## WHAT YOU ARE ASKED TO DO
All lines in the records below from the line with "鍋爐自動控制系統根據設計室內" through the line with "下表中列出的学科(专业)及研究方向均接收调剂志愿。" are to be given again exactly, both ends included; the pictures are to be left out.

## INFORMATION SHOWN
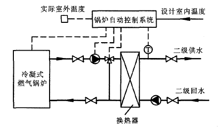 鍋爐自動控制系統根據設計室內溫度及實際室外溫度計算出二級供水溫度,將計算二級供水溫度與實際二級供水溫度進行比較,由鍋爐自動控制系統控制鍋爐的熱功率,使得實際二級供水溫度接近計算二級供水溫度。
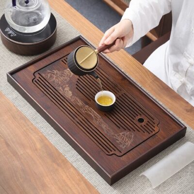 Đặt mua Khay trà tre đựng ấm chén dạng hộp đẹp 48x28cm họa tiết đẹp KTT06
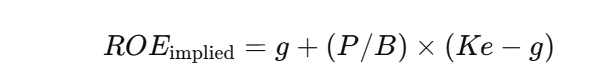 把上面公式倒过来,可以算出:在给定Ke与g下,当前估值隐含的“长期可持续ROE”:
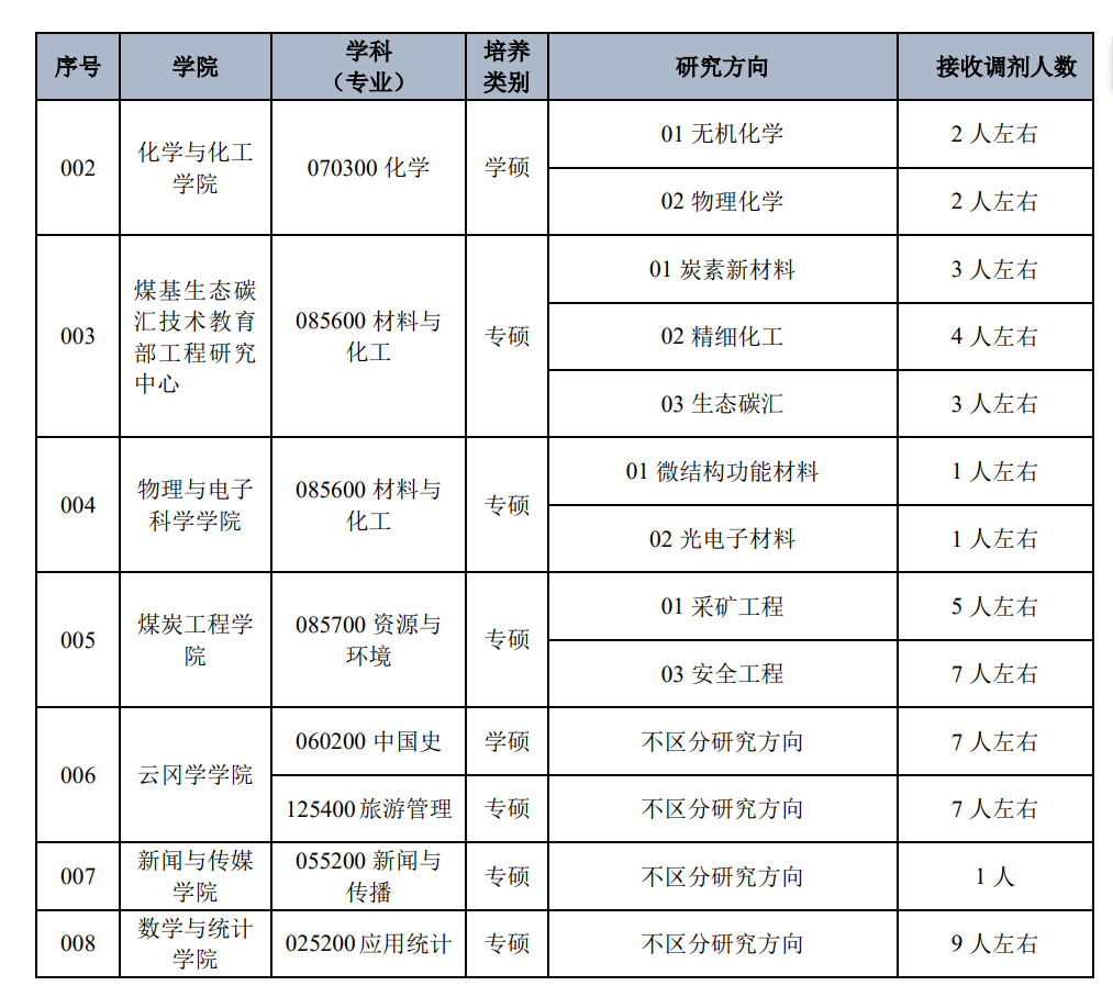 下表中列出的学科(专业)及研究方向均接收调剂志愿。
---
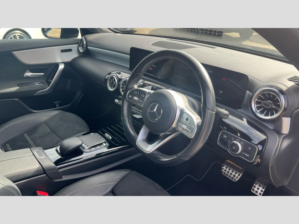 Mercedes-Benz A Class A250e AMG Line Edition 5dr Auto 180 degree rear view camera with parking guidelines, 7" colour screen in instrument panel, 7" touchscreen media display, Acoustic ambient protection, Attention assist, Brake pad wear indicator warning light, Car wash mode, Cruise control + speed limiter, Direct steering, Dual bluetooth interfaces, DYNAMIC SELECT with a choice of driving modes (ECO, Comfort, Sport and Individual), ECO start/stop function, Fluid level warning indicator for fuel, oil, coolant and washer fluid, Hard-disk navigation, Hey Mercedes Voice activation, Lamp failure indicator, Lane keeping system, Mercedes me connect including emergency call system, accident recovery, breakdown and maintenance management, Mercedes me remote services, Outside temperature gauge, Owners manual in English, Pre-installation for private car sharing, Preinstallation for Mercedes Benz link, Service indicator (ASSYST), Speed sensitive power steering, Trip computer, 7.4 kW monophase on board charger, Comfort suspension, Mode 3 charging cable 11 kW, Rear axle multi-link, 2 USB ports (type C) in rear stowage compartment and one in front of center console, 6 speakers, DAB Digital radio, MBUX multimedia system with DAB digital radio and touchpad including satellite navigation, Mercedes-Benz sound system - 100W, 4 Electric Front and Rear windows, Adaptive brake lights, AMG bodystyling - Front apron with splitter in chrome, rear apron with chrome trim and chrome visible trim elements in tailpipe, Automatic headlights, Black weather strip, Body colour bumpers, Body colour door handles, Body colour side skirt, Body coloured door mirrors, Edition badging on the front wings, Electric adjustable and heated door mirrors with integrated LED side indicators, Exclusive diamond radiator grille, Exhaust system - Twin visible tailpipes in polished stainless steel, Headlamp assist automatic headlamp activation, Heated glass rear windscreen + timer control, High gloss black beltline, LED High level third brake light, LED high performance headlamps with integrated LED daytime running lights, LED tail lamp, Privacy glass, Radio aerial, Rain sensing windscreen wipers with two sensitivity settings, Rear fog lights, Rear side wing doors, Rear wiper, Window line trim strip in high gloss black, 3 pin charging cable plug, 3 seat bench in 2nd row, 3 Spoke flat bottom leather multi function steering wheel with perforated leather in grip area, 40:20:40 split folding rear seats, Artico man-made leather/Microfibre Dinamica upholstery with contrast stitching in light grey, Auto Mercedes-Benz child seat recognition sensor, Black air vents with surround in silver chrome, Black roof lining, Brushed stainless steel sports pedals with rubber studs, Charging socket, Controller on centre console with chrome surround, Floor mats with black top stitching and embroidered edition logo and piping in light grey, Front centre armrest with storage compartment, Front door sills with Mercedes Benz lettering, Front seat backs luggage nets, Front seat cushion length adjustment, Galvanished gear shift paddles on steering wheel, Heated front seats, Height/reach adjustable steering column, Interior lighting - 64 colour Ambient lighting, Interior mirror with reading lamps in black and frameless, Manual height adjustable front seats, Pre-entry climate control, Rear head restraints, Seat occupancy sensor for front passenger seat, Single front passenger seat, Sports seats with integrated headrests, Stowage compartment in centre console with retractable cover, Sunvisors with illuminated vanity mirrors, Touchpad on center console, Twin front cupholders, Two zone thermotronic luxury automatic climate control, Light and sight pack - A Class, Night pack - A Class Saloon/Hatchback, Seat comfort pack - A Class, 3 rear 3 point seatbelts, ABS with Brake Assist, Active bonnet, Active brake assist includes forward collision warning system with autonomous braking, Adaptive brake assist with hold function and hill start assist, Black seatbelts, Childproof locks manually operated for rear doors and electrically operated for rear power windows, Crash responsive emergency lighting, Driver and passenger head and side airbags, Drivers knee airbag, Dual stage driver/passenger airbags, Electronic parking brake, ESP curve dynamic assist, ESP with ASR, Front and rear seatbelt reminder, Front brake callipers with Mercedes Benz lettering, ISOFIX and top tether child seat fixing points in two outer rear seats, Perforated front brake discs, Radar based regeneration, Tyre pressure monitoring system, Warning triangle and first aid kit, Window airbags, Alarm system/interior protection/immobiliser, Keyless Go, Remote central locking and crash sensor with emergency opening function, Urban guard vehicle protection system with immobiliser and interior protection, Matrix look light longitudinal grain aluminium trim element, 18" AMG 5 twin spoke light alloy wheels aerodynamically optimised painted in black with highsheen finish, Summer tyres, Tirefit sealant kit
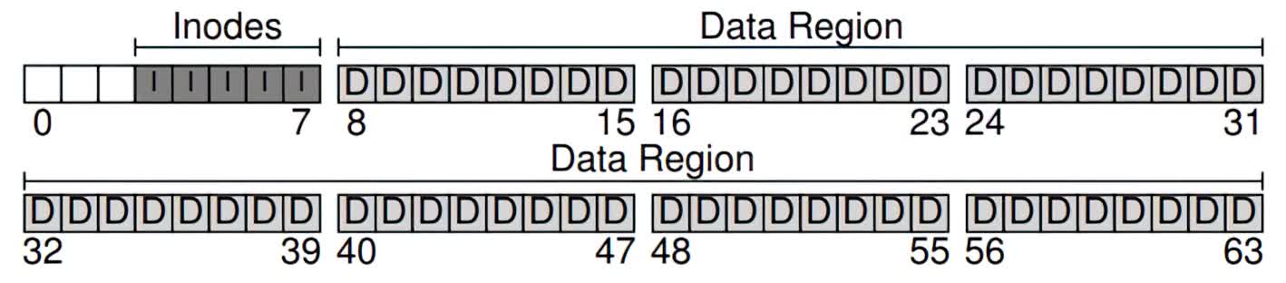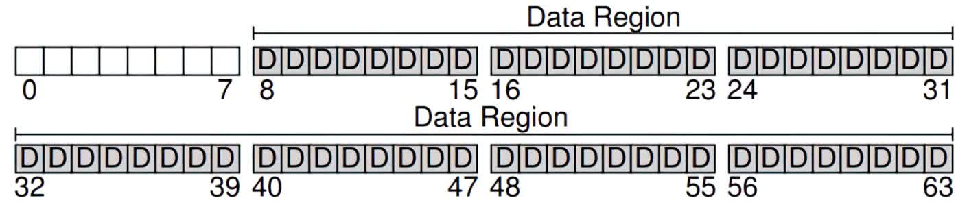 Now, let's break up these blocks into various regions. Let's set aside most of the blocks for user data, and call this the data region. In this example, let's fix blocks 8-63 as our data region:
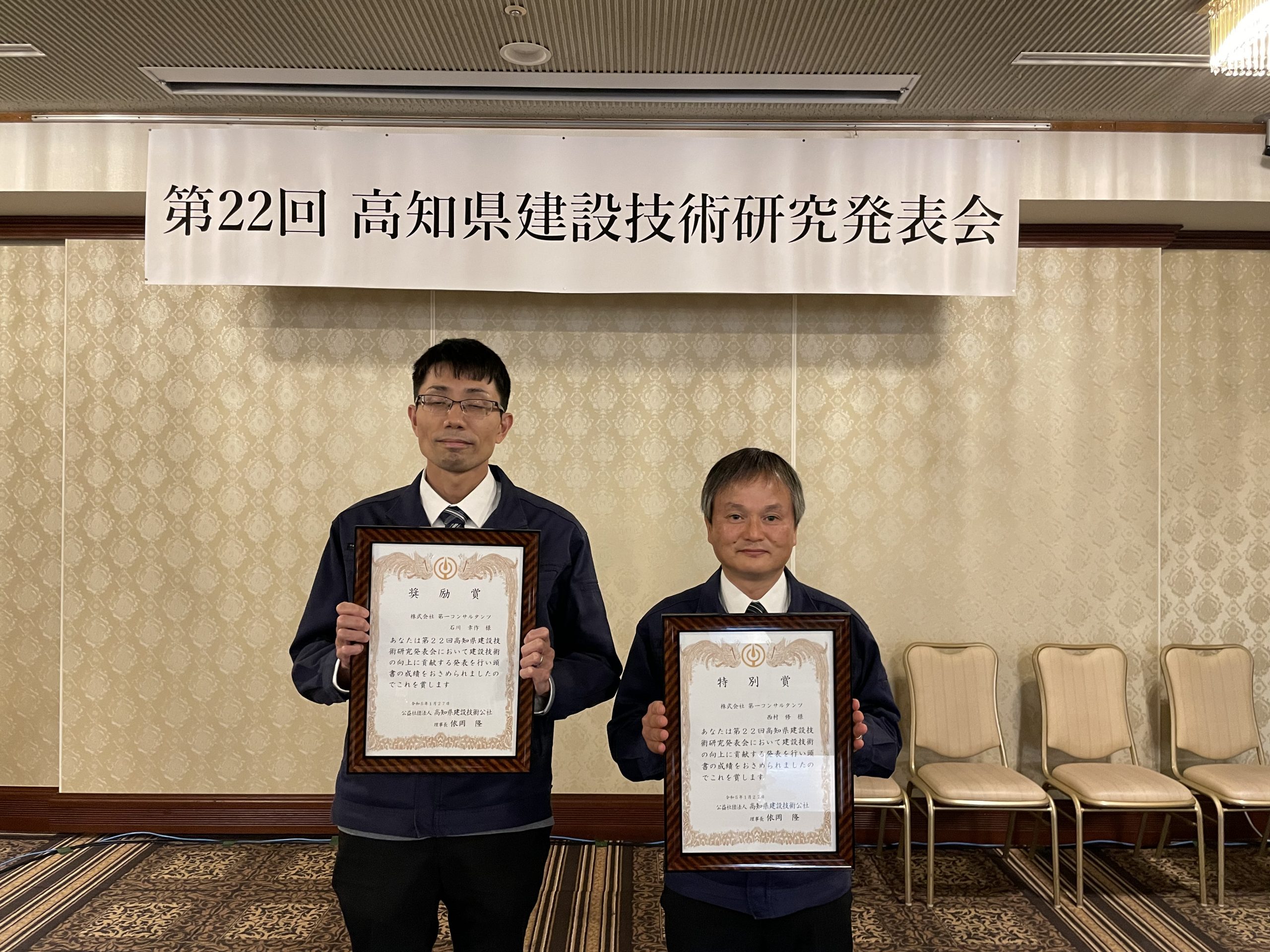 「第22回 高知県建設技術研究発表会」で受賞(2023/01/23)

## EXERCISE OUTPUT
 鍋爐自動控制系統根據設計室內溫度及實際室外溫度計算出二級供水溫度,將計算二級供水溫度與實際二級供水溫度進行比較,由鍋爐自動控制系統控制鍋爐的熱功率,使得實際二級供水溫度接近計算二級供水溫度。
 Đặt mua Khay trà tre đựng ấm chén dạng hộp đẹp 48x28cm họa tiết đẹp KTT06
 把上面公式倒过来,可以算出:在给定Ke与g下,当前估值隐含的“长期可持续ROE”:
 下表中列出的学科(专业)及研究方向均接收调剂志愿。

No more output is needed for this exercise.